**RECORD EXTRACTS**
####
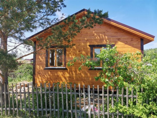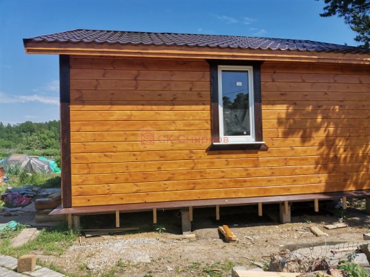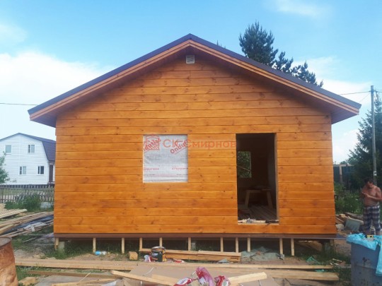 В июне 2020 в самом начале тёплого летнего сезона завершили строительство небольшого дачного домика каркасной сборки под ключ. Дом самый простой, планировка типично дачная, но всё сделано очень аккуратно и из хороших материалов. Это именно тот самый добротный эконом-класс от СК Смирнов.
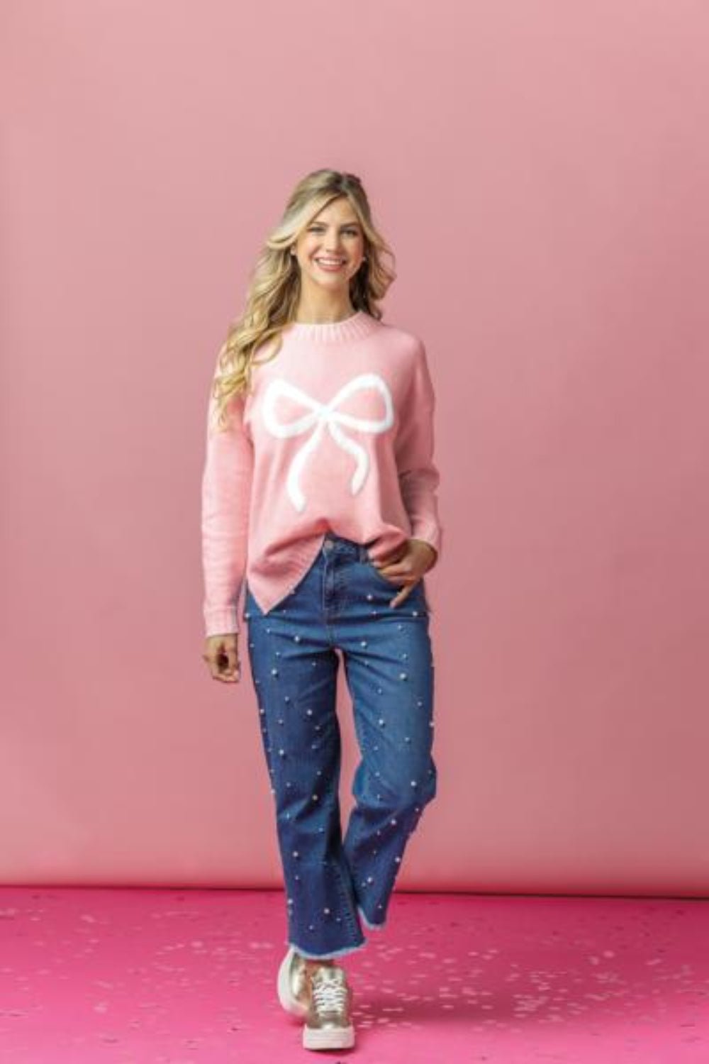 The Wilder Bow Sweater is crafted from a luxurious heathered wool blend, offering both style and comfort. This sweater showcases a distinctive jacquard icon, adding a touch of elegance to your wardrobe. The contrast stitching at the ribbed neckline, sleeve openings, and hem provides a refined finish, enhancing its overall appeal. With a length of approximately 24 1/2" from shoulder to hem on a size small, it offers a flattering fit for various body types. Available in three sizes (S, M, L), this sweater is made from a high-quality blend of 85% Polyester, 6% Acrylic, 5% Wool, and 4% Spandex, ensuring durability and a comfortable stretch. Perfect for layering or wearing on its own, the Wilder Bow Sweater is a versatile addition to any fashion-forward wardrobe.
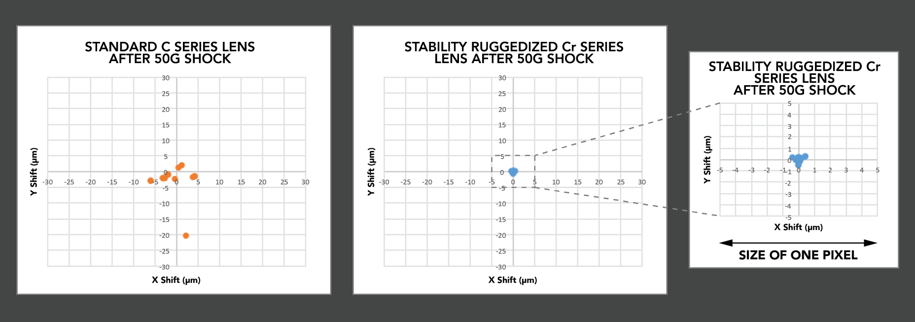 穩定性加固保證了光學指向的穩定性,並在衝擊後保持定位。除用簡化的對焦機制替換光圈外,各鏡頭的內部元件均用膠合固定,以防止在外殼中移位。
####
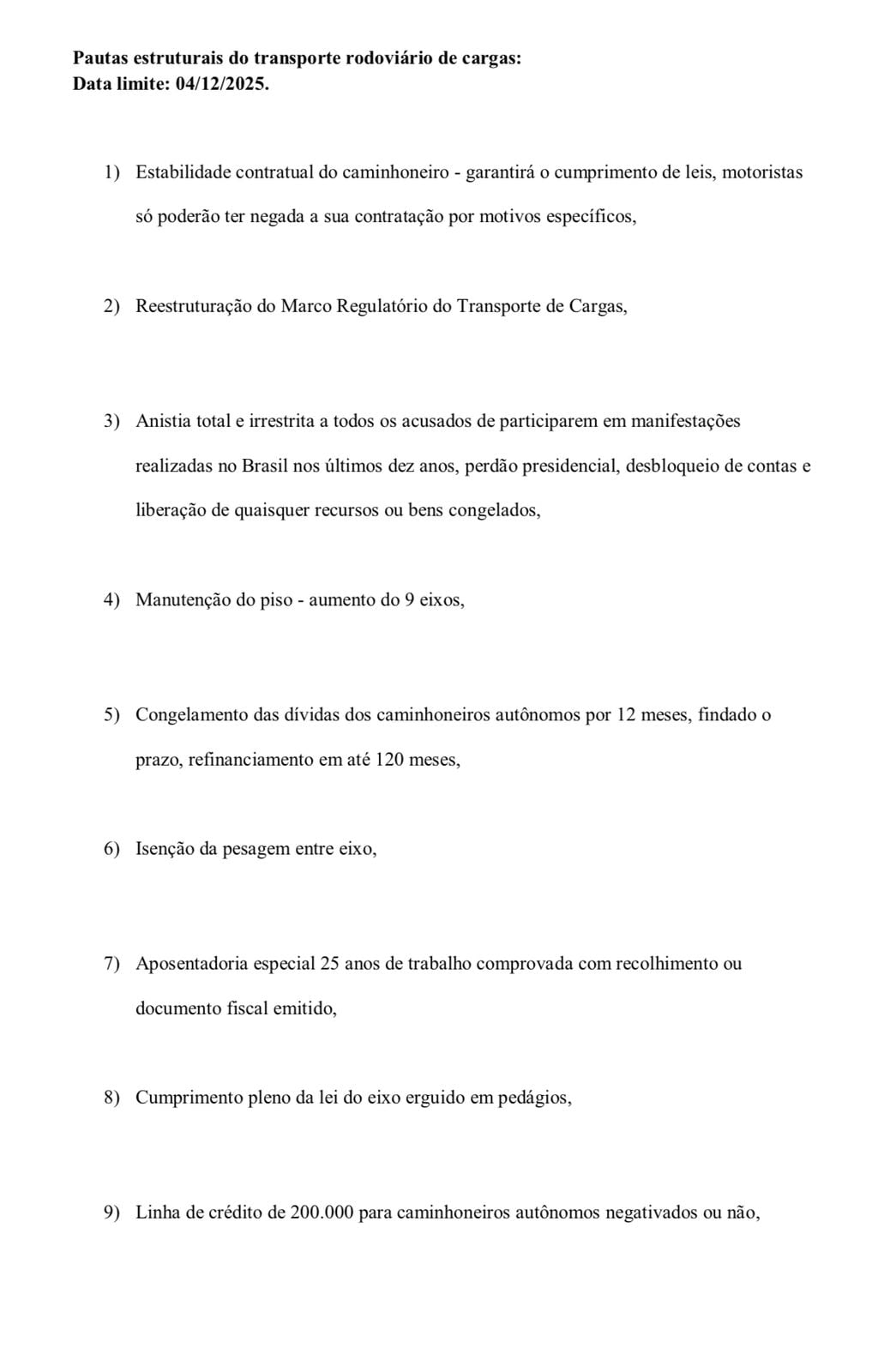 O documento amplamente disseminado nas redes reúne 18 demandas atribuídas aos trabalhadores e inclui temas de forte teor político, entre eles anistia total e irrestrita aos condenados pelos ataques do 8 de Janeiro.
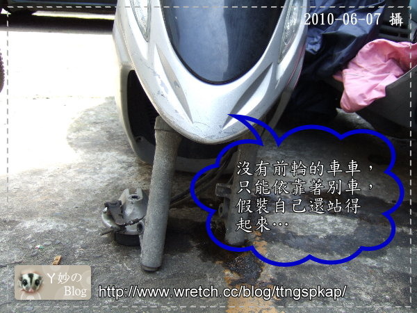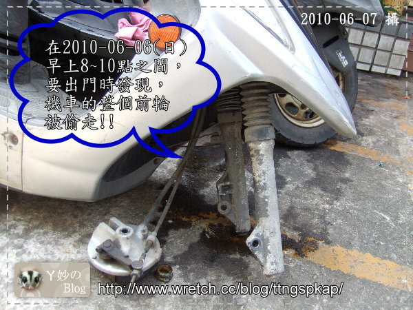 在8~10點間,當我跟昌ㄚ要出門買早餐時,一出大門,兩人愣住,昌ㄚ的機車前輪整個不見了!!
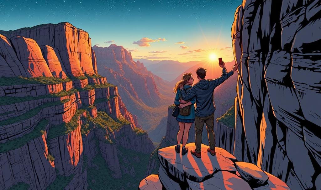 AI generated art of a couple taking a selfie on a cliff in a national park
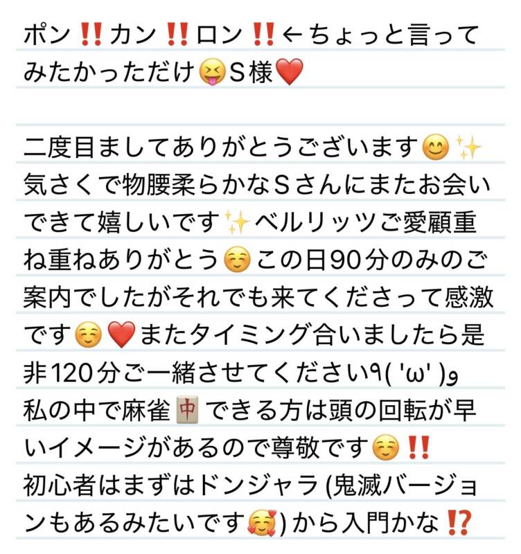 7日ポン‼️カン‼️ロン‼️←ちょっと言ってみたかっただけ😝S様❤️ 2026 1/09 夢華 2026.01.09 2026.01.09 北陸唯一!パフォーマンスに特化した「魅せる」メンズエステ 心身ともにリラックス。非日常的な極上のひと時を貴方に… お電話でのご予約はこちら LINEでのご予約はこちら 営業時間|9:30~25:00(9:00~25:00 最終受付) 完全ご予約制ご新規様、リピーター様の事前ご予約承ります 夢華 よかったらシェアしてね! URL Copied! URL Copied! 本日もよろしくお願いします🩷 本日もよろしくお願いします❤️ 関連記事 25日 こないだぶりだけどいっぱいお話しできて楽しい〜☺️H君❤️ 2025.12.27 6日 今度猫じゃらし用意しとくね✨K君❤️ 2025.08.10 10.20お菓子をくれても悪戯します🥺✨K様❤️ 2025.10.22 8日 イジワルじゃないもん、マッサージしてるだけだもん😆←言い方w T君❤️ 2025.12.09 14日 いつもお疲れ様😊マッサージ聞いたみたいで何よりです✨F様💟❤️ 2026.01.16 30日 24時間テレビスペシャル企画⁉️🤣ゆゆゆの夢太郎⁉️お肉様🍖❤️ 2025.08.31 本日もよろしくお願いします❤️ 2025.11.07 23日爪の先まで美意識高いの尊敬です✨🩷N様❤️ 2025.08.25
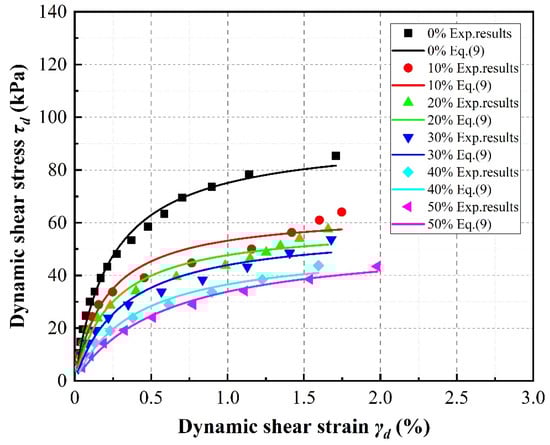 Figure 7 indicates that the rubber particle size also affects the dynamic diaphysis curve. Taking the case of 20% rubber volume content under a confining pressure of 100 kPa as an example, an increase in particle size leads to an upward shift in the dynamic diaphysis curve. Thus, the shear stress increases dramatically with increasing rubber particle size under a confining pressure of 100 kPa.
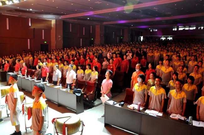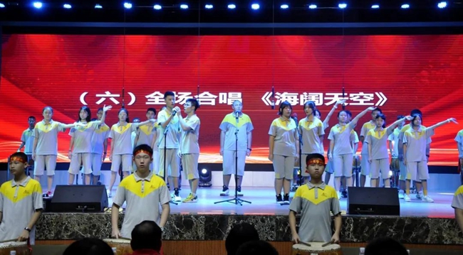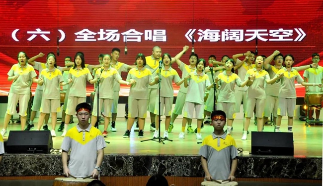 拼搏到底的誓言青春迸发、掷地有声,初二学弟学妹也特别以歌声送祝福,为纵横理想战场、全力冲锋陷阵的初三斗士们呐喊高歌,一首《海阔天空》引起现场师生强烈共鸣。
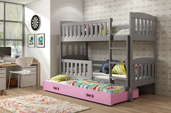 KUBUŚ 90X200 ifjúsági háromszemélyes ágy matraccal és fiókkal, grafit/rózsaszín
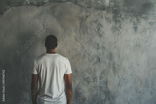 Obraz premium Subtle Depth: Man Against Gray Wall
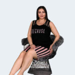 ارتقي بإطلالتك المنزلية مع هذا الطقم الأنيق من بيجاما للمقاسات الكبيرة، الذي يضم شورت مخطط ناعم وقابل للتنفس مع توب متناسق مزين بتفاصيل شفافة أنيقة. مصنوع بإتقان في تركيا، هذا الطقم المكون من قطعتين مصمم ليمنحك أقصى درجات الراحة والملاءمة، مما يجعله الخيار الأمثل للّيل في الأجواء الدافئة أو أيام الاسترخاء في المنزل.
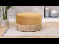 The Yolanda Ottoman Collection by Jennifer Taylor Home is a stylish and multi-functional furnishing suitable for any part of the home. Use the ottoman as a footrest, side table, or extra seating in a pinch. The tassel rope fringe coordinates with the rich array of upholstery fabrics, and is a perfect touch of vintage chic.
####
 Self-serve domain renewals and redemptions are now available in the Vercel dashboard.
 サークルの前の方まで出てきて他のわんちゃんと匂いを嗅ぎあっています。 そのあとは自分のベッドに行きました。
####
**EXERCISE OBJECTIVE**
Write out word for word the lines of the listing above from the line with "В июне 2020" to the line with "穩定性加固保證了光學指向的穩", taking in both of those lines but no pictures.

**ANSWER TO THIS PROBLEM**
 В июне 2020 в самом начале тёплого летнего сезона завершили строительство небольшого дачного домика каркасной сборки под ключ. Дом самый простой, планировка типично дачная, но всё сделано очень аккуратно и из хороших материалов. Это именно тот самый добротный эконом-класс от СК Смирнов.
 The Wilder Bow Sweater is crafted from a luxurious heathered wool blend, offering both style and comfort. This sweater showcases a distinctive jacquard icon, adding a touch of elegance to your wardrobe. The contrast stitching at the ribbed neckline, sleeve openings, and hem provides a refined finish, enhancing its overall appeal. With a length of approximately 24 1/2" from shoulder to hem on a size small, it offers a flattering fit for various body types. Available in three sizes (S, M, L), this sweater is made from a high-quality blend of 85% Polyester, 6% Acrylic, 5% Wool, and 4% Spandex, ensuring durability and a comfortable stretch. Perfect for layering or wearing on its own, the Wilder Bow Sweater is a versatile addition to any fashion-forward wardrobe.
 穩定性加固保證了光學指向的穩定性,並在衝擊後保持定位。除用簡化的對焦機制替換光圈外,各鏡頭的內部元件均用膠合固定,以防止在外殼中移位。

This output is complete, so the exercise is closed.